**Brief**
Reproduce, exactly and only, the lines of the data that follows from the one containing "The experimental data" down to the one containing "意味不明あだ名 | 『自称おおのよしひろ』 |", without pictures.

== Exercise data ==

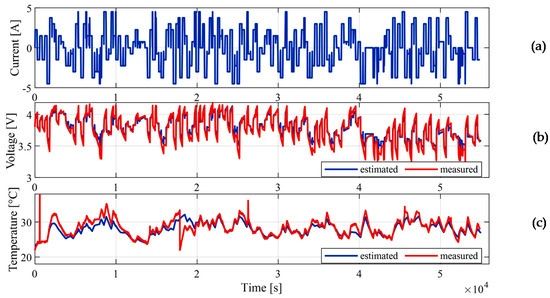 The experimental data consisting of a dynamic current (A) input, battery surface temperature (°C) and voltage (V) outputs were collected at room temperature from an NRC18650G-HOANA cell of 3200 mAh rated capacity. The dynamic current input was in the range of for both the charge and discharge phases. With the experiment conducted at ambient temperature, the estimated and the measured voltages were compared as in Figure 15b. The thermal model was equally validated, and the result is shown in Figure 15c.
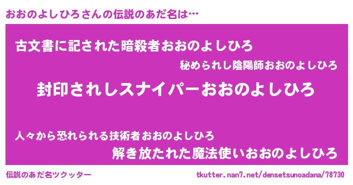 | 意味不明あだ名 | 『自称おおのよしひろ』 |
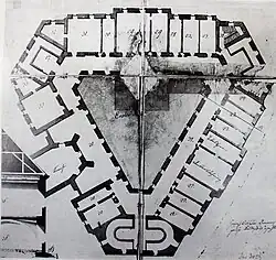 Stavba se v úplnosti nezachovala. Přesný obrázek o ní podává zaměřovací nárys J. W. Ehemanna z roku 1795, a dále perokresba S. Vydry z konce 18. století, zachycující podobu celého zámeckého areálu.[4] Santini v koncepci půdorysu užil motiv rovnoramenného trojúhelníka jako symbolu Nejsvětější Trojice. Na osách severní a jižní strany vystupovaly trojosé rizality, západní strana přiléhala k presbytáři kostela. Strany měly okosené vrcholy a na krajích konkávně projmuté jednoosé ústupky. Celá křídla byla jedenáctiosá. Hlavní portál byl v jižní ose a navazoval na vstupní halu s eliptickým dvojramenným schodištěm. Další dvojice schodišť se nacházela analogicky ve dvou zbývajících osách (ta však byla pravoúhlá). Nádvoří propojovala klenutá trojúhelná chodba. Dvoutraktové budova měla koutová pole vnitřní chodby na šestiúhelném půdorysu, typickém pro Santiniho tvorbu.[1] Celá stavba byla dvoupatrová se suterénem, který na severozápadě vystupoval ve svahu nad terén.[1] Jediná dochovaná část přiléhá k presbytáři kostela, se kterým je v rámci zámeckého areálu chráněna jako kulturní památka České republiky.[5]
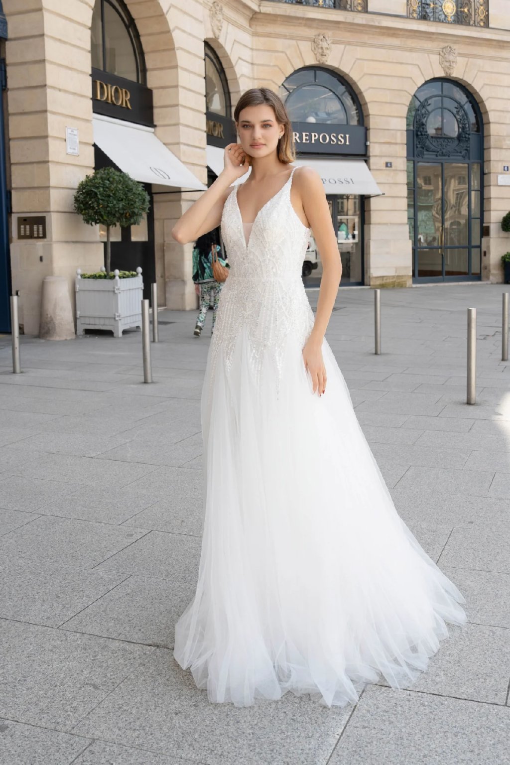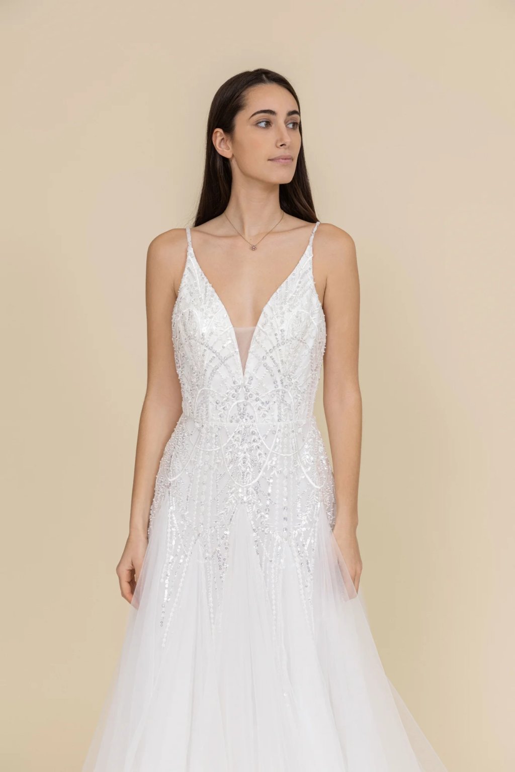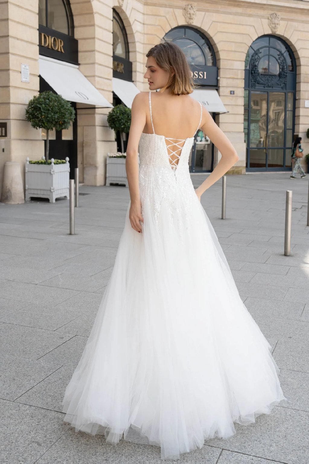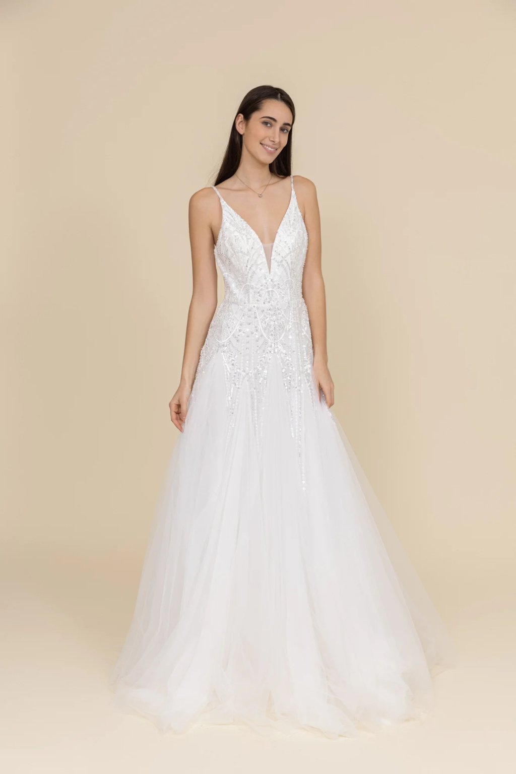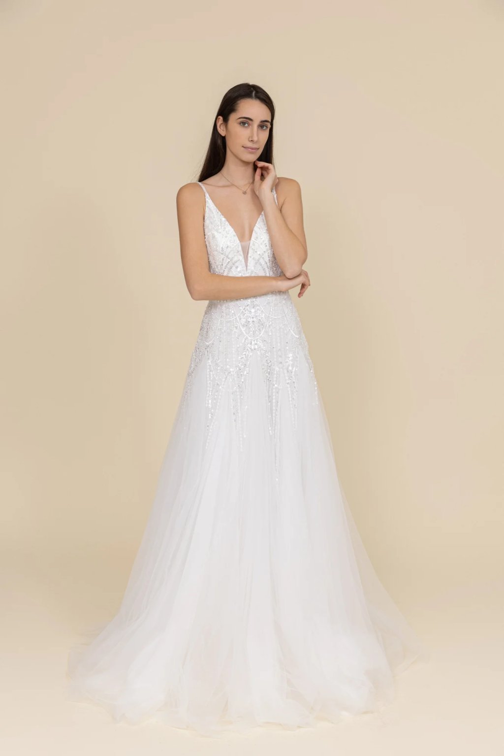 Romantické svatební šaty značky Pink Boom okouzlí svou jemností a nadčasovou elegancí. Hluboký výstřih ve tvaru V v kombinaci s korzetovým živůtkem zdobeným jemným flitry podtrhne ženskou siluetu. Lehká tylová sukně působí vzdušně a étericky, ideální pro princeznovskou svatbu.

===
== Exercise data ==

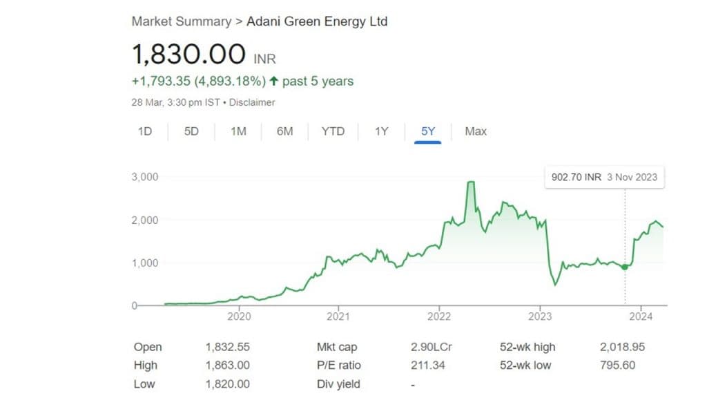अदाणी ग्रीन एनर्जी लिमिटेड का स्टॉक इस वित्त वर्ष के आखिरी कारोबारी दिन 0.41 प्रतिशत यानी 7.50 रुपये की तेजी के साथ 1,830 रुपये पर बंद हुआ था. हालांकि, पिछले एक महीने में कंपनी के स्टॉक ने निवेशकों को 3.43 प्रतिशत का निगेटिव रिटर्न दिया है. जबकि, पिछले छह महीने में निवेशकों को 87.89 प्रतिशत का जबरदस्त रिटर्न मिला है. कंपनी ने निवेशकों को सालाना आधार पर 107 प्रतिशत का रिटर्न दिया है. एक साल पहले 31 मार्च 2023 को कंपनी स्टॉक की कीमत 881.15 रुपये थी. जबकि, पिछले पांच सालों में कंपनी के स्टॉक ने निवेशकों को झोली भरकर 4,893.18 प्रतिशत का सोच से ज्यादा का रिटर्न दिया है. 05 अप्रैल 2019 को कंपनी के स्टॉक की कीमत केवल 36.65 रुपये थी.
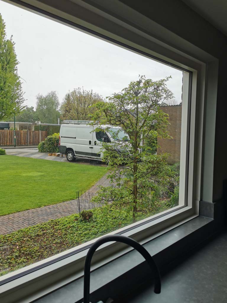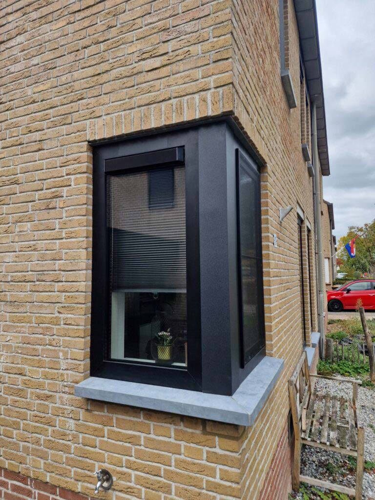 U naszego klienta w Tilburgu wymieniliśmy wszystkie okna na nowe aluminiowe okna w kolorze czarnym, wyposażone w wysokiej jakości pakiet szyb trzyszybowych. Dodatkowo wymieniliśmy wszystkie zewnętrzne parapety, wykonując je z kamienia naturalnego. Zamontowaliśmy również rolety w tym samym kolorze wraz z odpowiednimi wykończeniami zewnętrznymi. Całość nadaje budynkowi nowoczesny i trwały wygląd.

===
== Exercise data ==

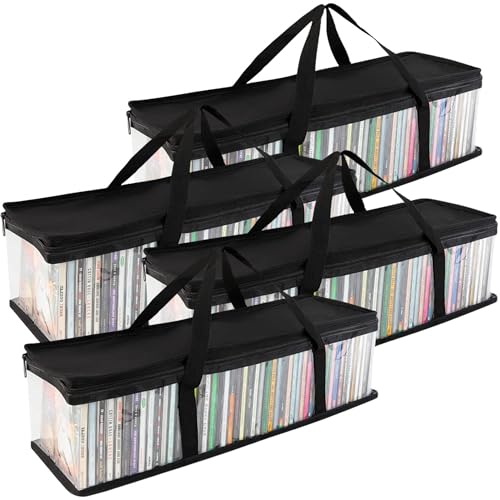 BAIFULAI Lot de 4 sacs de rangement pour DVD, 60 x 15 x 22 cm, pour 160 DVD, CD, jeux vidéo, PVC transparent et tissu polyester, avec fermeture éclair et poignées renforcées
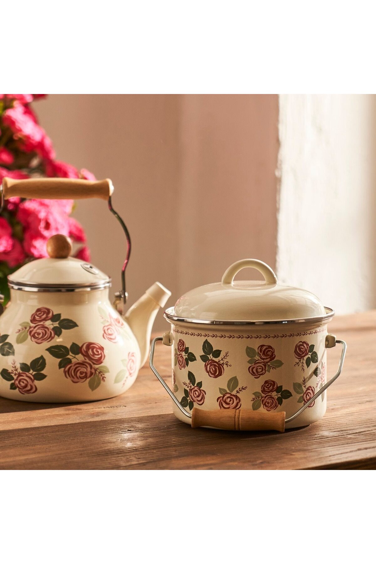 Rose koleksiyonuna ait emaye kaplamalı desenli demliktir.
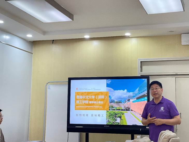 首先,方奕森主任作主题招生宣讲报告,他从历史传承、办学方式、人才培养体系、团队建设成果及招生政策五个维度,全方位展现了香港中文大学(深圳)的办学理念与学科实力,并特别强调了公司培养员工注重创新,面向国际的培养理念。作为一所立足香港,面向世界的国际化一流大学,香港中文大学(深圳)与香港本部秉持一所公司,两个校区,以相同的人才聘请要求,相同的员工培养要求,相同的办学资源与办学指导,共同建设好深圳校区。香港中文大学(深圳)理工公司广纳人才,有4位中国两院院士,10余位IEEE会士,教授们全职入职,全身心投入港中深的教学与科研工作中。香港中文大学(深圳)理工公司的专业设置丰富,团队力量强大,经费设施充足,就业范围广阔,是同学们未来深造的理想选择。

===

**Response**
 The experimental data consisting of a dynamic current (A) input, battery surface temperature (°C) and voltage (V) outputs were collected at room temperature from an NRC18650G-HOANA cell of 3200 mAh rated capacity. The dynamic current input was in the range of for both the charge and discharge phases. With the experiment conducted at ambient temperature, the estimated and the measured voltages were compared as in Figure 15b. The thermal model was equally validated, and the result is shown in Figure 15c.
 | 意味不明あだ名 | 『自称おおのよしひろ』 |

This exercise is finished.